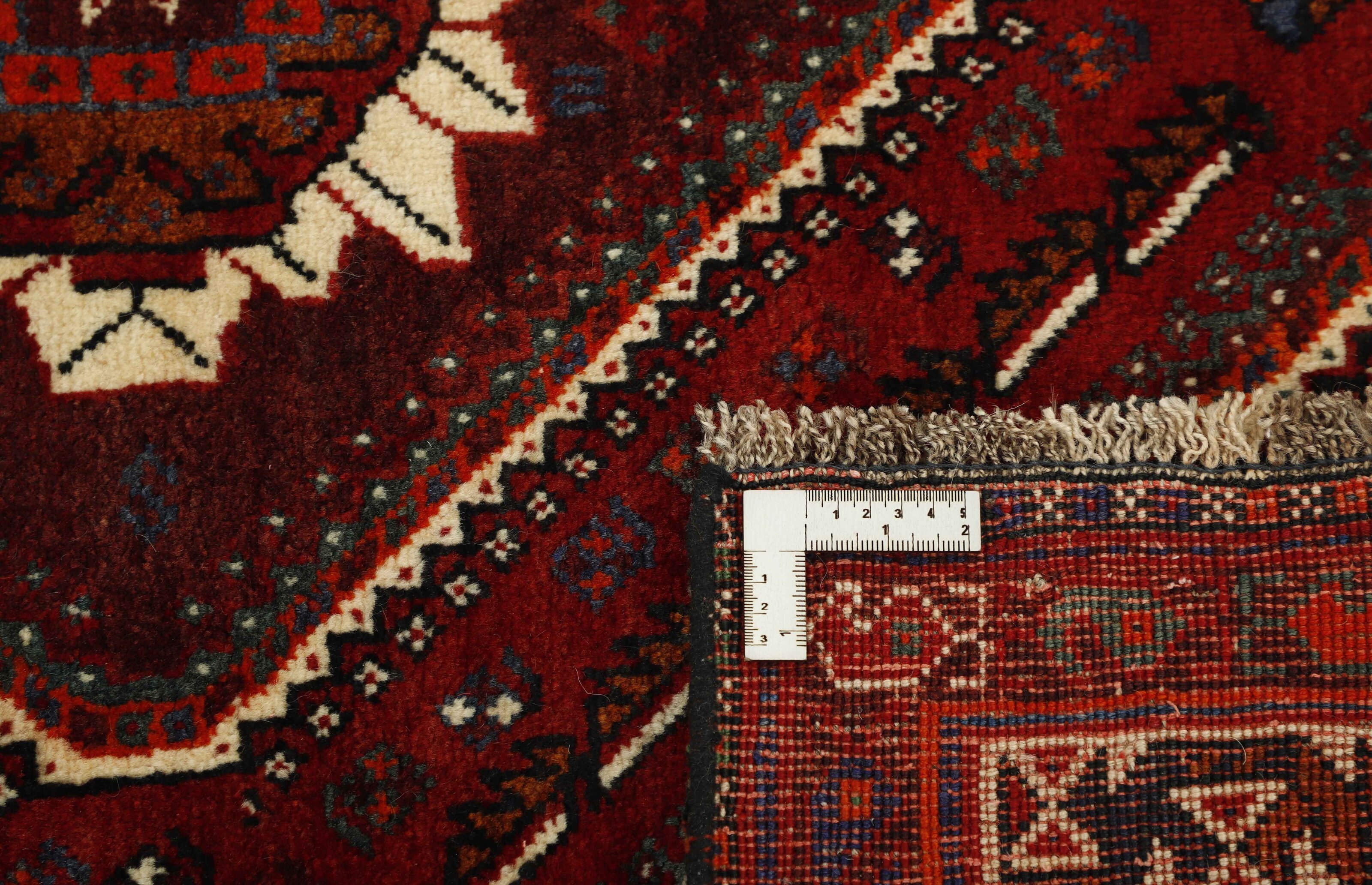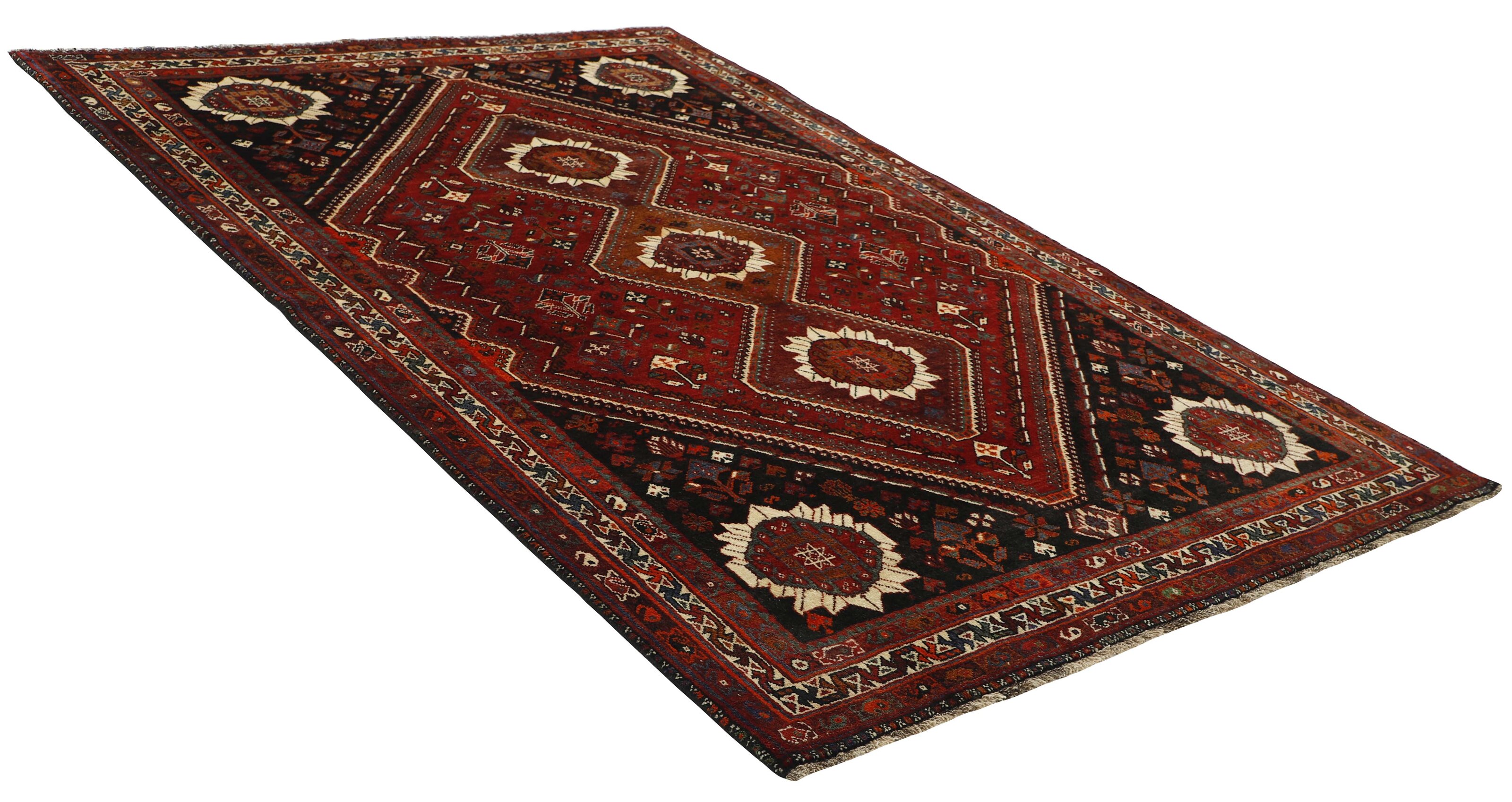 KashghaiItem no.: 1489127 Size: 186 cm x 277 cmThe Kashghai are Iran’s largest and most well known tribe. They speak a Turkish dialect, and are believed to have come from the Caucasus in the 18th century to their current areas, around Shiraz in the Fars Province of southern Iran. Their belligerent attitude has lead to conflicts with changing governments, as well as other tribes in the area. Both their rugs and the women’s clothing clearly show their skills and love of colours. Many subtribes exist, the most important ones being the Bilvedi, the Shishbouki, the Darashuri, and the Kashkuli. The Kashghai knot numerous types of rugs, but a characteristic product can be distinguished by its wool construction, the sturdy ridges on the back, its strong, deep colours (especially the red), as well as by the use of traditional motifs such as Harshang or the crab. The patterns are geometrical, typically with three or five medallions along the centre of the rug or in the middle and corners. The entire field is usually covered in small geometrical motifs. Persepolis motifs can often be found in the rugs. The Kashghai are also famous for their older crafts, such as horse blankets, saddlebags, and rope. The products of other tribes, such as the Kamseh and the Lori, are often mistaken for those of the Kashghai.
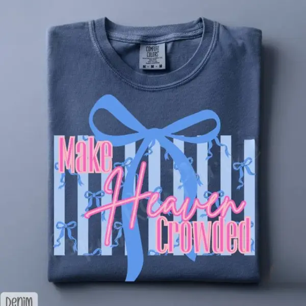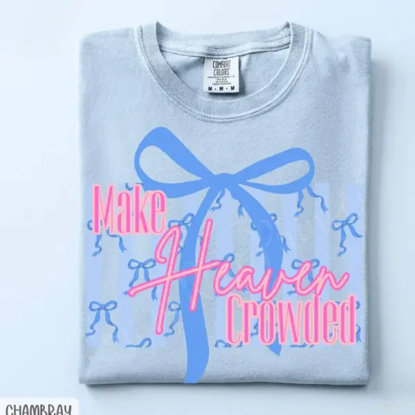 Share your faith in a soft and stylish way with this Make Heaven Crowded Bow T-Shirt ️. Featuring a meaningful message paired with a delicate coquette bow design, this tee blends Christian values with a trendy feminine aesthetic.
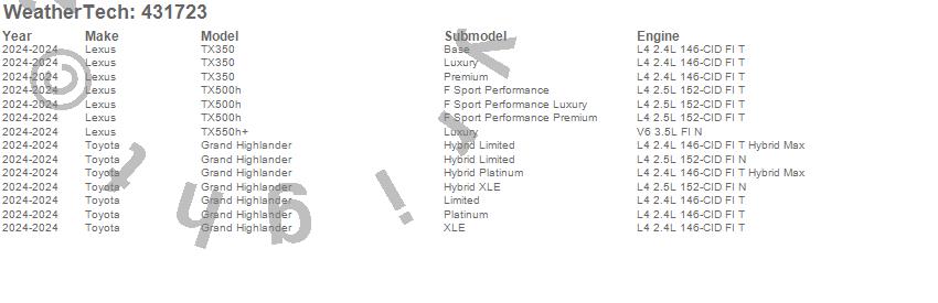 Below is an abbreviated list of applications for the Cargo Liner.Grand Highlander, TX350, TX500h, TX550h+, Lexus, Toyota, 2026, 2025, 2024
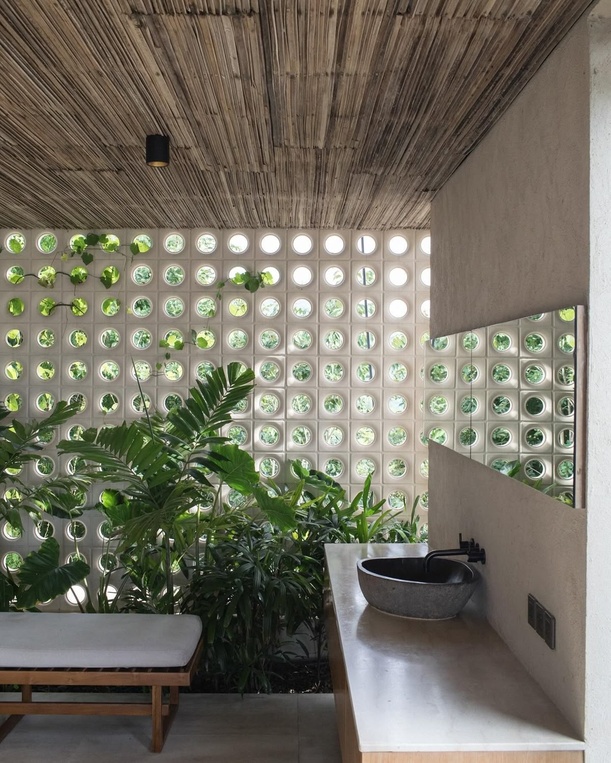 - De Cobogó stenen worden als decoratieve ‘huid’ of scheiding vóór een dragende muur geplaatst.
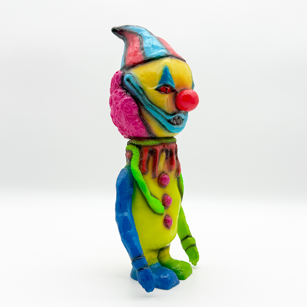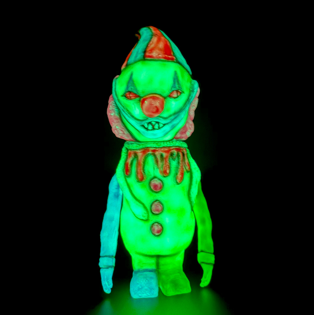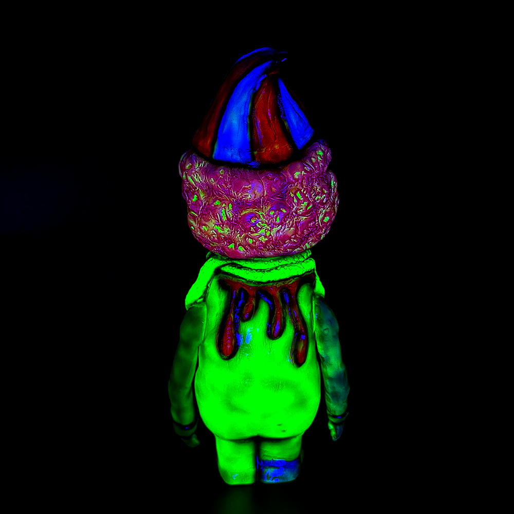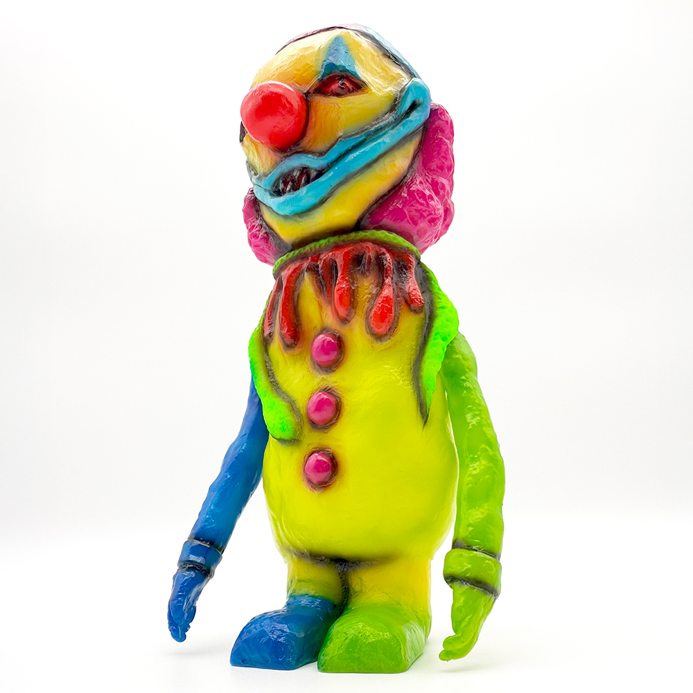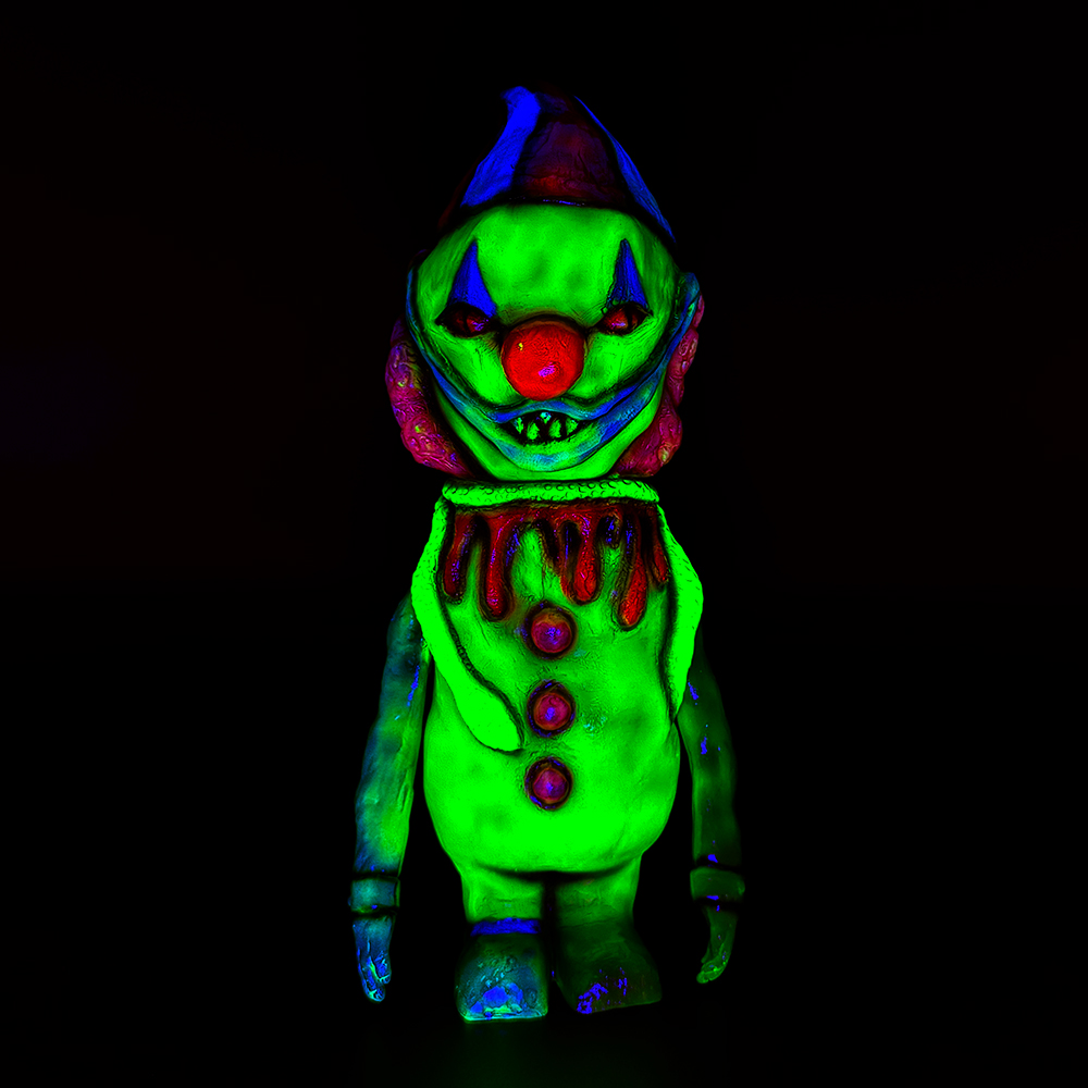 ”シカルナホビーフェス17”でお迎えしたイビツなポッくんです🥰ド派手でカラフルなデザインはピエロらしい雰囲気で楽しい雰囲気を感じさせてくれますが、逆に異世界感も醸し出していて怪しさや怖さも滲み出ています😱 円らで小さい瞳は真っ赤に染まり、想像以上に眼力もあります🤔 しかも本作は蓄光となっていて暗闇でもカラフルなデザインそのままに怪しく光ります🥰
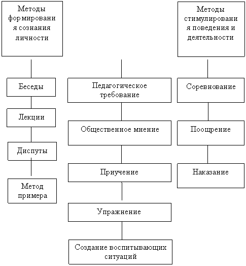 Стр. 104 Таким образом, педагогическую технологию можно определить как запрограммированный (алгоритмизированный) педагогический процесс, гарантирующий достижение спроектированных образовательных целей. Педагогических технологий может быть много: в зависимости от назначения педагогических систем, от исходных научных педагогических, дидактических, методических концепций, от целевых установок разработчиков и т.д. О соотношении понятий «дидактика», «методика», «педагогическая система», «педагогическая технология». Дидактика является общей теорией обучения, рассматривая всю совокупность проблем целей, содержания, форм и методов преподавания и учения, средств обучения. Методика – это «частная дидактика», т.е. теория обучения конкретному курсу, предмету. Та или иная конкретная педагогическая система строится, проектируется на основе конкретизации положений дидактики, методики применительно к данным конкретным целям и условиям образовательной деятельности. Педагогическая технология является процессуальной подсистемой педагогической системы. Часто используется в последнее время понятие «педагогическая техника». Термин «техника» выступает здесь в исходном значении, которое он имел ранее в русском языке – как искусство, ремесло, умелое выполнение чего-либо. Педагогическая техника – это совокупность умений педагога, позволяющих ему реализовать разработанную технологию. Педагогическое проектирование и педагогические технологии – это сравнительно новые подходы в педагогике, их детальная разработка и конкретизация еще впереди. Таблица 6.Методы воспитания
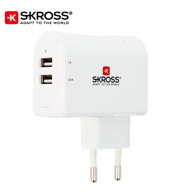 Compatible in over 160 countries, this charger is your reliable companion for all your adventures. Stay connected wherever you are with the SKROSS 2 Port USB Charger - EURO.
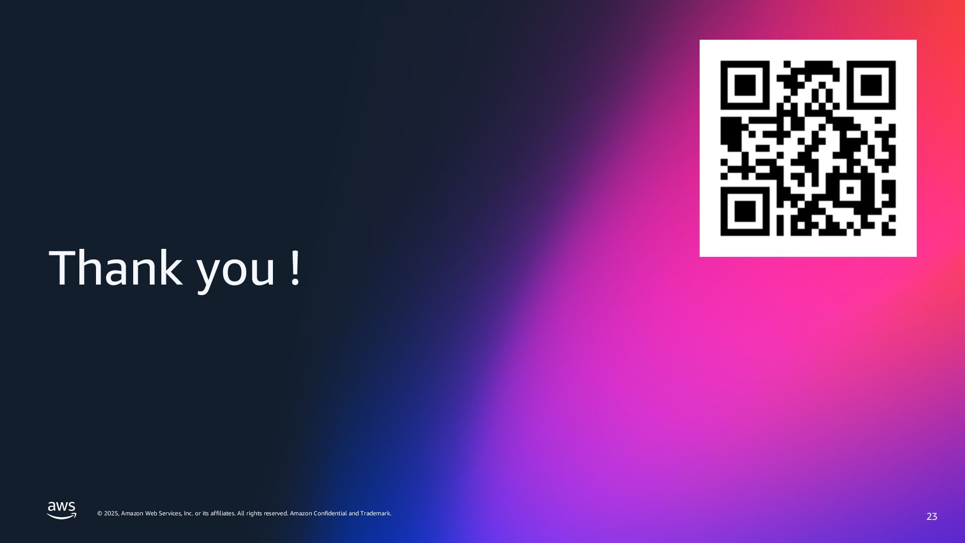 rights reserved. © 2025, Amazon Web Services, Inc. or its affiliates. All rights reserved. Amazon Confidential and Trademark. Thank you ! 23
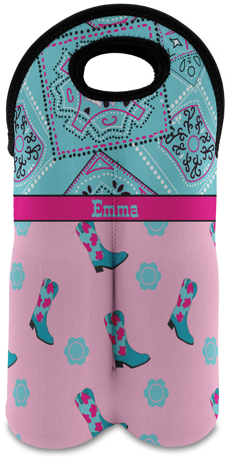 This design has a wild west theme and features a turquoise and pink bandana print on the top half, a pink stripe across the middle, and cowgirl boots and flowers on the bottom. The coordinating design is hot pink, has a turquoise stripe and scalloped circle in the middle, and horseshoes in the background print.

———

__What you will do__: Pictures do not belong in the copy. Repeat exactly each line from the one with "rights reserved. ©" through the end of the listing.

__Solution for this task__:
 rights reserved. © 2025, Amazon Web Services, Inc. or its affiliates. All rights reserved. Amazon Confidential and Trademark. Thank you ! 23
 This design has a wild west theme and features a turquoise and pink bandana print on the top half, a pink stripe across the middle, and cowgirl boots and flowers on the bottom. The coordinating design is hot pink, has a turquoise stripe and scalloped circle in the middle, and horseshoes in the background print.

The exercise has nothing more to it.